Rivera pointed the gun at Remi.

“It’s based on the illustrations,” Sam said. “Chicomoztoc is always a cavern with seven smaller caves around it . . . like a flower. The cavern is beneath a mountain. The drawings vary, but the big details are the same—including the location of the entrance.”

“At the bottom,” Rivera said.

“Right. But if I’m right and this is the place, it means the exterior shape of the island was as important to them as the interior.”

“How could they have gotten an overhead view of it?”

“They didn’t. They sailed around it and mapped it. As small as this island is, it would have been easy to do it accurately.”

“Go on.”

“If you’re looking at the illustration face on as a two-dimensional image, the entrance to Chicomoztoc is down. If you look at it from overhead—and they oriented themselves on the four cardinal directions like most cultures do—then the entrance lies to the south.”

Rivera considered this, then nodded slowly. “Good. Now go find it. You’ve got four hours. If you don’t find it by then, I’ll kill you both.”

RIVERA MADE THE GROUND RULES clear: Sam would search for the entrance while he, Rivera, guarded Remi. Rivera would call Sam’s name at random intervals. If Sam didn’t answer within ten seconds, Rivera would shoot Remi again.

AS HE AND REMI HAD DONE on Pulau Legundi, Sam made do with what was at hand: a sturdy six-foot-long stick and patience. Facing what he thought was due south, he started up the caldera’s slope, prodding ahead of him with the stick.

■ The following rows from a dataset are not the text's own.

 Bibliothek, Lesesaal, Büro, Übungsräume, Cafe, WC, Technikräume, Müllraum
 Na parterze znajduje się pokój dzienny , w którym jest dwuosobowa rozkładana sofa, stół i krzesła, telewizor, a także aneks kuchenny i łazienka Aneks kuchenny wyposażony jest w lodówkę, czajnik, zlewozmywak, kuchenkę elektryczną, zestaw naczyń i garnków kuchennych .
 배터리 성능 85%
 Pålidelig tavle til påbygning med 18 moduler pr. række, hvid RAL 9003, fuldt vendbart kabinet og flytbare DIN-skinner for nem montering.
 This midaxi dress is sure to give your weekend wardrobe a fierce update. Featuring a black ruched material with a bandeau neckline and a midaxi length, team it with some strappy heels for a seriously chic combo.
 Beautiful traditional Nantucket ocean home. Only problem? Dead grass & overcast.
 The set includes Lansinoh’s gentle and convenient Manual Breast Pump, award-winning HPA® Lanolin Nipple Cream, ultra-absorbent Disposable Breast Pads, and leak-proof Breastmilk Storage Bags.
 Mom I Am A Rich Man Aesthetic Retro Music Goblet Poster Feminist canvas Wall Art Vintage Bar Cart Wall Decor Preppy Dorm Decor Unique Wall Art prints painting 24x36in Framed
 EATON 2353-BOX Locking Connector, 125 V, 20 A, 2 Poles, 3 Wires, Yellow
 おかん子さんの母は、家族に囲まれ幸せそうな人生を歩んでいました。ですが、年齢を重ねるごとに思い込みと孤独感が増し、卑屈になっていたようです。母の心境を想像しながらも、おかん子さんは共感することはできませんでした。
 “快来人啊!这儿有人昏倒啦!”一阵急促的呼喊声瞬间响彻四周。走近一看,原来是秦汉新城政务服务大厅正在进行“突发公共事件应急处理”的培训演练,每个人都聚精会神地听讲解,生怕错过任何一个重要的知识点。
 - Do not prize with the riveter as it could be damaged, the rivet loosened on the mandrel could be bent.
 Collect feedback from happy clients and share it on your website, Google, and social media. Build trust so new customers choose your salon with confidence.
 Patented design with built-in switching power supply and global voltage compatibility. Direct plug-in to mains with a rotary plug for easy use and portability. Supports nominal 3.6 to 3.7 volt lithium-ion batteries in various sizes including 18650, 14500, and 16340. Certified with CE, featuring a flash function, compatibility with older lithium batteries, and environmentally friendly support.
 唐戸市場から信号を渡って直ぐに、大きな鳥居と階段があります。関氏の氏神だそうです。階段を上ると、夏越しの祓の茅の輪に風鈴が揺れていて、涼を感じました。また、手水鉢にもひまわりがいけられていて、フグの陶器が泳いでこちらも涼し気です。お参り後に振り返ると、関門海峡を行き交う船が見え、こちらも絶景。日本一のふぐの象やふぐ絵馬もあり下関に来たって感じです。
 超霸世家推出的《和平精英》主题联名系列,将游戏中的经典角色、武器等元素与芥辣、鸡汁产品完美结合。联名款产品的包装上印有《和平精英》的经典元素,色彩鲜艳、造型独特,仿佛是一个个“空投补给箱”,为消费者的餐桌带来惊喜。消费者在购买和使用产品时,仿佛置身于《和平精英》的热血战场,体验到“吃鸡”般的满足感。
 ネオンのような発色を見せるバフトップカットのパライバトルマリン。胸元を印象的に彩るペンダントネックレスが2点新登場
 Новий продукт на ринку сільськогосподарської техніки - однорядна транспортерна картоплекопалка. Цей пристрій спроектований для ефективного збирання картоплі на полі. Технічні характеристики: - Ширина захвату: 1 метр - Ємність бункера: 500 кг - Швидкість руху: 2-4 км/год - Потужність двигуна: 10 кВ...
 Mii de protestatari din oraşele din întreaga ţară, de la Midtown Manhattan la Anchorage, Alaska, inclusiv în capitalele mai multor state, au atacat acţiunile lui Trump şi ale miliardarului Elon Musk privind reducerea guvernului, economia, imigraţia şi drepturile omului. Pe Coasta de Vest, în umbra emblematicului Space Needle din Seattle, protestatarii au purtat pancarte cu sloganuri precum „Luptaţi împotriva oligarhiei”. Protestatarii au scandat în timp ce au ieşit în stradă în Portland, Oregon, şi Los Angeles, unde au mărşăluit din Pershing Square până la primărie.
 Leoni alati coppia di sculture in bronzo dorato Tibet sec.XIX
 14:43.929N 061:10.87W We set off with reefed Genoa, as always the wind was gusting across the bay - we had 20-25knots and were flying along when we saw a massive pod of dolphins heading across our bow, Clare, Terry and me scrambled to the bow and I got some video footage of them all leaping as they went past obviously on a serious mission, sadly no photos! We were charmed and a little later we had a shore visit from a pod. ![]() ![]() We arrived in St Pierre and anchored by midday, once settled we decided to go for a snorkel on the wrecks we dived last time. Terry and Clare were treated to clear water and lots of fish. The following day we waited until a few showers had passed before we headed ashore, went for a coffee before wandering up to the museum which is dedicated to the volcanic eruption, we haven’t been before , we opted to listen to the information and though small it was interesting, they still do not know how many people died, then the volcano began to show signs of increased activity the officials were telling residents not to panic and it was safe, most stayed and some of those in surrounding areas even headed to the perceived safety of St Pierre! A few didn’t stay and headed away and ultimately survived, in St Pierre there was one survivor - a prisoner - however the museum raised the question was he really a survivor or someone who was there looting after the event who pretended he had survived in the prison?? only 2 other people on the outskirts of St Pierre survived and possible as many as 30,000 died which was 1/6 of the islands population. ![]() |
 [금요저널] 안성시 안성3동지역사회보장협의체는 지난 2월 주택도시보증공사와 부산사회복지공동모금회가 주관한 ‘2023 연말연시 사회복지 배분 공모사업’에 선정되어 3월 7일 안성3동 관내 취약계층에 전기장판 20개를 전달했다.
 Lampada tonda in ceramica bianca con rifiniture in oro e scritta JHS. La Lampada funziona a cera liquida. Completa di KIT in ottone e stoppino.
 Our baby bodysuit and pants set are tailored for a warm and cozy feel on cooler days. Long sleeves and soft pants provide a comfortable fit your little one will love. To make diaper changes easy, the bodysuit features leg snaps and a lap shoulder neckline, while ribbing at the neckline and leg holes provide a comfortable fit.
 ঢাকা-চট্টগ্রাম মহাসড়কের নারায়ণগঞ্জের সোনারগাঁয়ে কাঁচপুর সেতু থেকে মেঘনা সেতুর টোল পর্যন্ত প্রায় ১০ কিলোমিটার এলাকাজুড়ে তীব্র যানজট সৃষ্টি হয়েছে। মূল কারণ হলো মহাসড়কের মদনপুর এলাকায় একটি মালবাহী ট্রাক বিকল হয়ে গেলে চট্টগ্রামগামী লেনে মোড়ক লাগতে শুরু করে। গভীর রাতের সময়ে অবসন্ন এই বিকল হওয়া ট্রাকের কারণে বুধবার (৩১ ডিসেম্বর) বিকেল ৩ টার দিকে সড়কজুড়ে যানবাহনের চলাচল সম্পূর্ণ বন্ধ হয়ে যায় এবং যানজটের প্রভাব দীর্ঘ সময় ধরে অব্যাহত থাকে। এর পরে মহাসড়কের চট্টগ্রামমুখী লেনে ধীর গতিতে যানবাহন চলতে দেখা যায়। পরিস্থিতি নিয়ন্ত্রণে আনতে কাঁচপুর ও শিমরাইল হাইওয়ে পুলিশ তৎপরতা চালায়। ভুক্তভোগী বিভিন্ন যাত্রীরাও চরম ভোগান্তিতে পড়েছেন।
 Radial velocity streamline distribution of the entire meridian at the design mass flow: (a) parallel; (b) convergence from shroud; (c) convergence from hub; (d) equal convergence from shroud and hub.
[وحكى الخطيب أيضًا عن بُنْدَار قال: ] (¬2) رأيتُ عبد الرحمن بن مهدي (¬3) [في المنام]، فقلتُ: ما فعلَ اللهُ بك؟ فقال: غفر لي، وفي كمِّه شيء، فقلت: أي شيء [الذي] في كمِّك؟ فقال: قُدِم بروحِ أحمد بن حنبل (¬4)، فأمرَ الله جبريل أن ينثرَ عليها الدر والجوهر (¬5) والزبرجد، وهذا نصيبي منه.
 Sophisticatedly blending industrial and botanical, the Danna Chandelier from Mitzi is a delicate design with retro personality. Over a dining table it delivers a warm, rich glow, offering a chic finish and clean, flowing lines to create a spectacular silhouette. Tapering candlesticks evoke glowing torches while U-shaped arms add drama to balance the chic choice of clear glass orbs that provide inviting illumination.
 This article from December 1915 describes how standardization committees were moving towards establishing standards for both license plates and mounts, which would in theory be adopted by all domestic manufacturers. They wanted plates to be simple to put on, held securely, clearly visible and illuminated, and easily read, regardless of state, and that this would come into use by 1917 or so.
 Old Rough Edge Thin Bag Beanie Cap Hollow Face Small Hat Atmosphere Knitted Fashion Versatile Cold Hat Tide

The first pass to the top took him twenty minutes. On the rim he sidestepped to the right and started back down the slope. He felt ridiculous. Though his method was sound and still used in certain cases, the gravity of where he was, what he searching for, and the clock that was ticking on Remi’s life blended together, giving him a nagging sense of helplessness.

The afternoon wore on. In twenty-minute intervals he hiked up the slope, then down the slope. Up, down, repeating until he’d made six passes, then eight, then ten.